In the fiscal sector, deflating takes on another meaning. When we talk about deflating the personal income tax (IRPF), we mean adjusting the tax brackets according to inflation so you don’t end up paying more taxes just because your nominal salary increased. That is, if your salary rises due to inflation but not due to real productivity, you shouldn’t pay more taxes. Sounds logical, right?

The thing is, many countries already do this. The United States deflates annually, as do France and Nordic countries. Germany every two years. In Spain, it hasn’t even been done nationwide since 2008, although some autonomous communities have recently implemented it.

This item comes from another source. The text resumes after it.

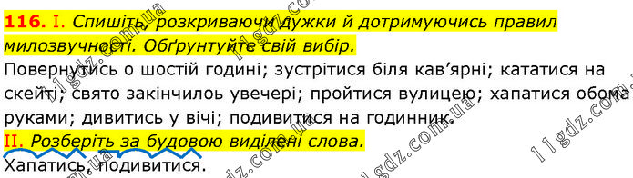 І. Спишіть, розкриваючи дужки й дотримуючись правил милозвучності. Обґрунтуйте свій вибір. Повернутись о шостій годині; зустрітися біля кав’ярні; кататися на скейті; свято закінчилоь увечері; пройтися вулицею; хапатися обома руками; дивитись у вічі; подивитися на годинник. II. Розберіть за будовою виділені слова. Хапатись, подивитися.

Now, what does this mean for your investments? If the IRPF were properly deflated, you would have more money available to invest. That sounds good in theory, but here’s the interesting part: the real benefits for an average person are modest. We’re talking about savings of a few hundred euros a year, not revolutionary changes.

That said, the inflationary context does affect how you should invest. During periods of high inflation, certain assets perform better. Gold has historically maintained value when the currency depreciates. Shares of energy companies or basic goods tend to resist better. Government bonds lose appeal because their fixed yield erodes with inflation.

Diversification is key. You can’t bet everything on a single type of asset when inflation is at play. You need a mix: something that grows with prices, something defensive, something with long-term potential. And yes, you have to consider taxes in your calculations of real returns.

The conclusion is that understanding what deflating is and how it works helps you see beyond nominal numbers. It allows you to identify whether you’re truly making money or just keeping pace with inflation. And that’s essential for making smart investment decisions in any economic context.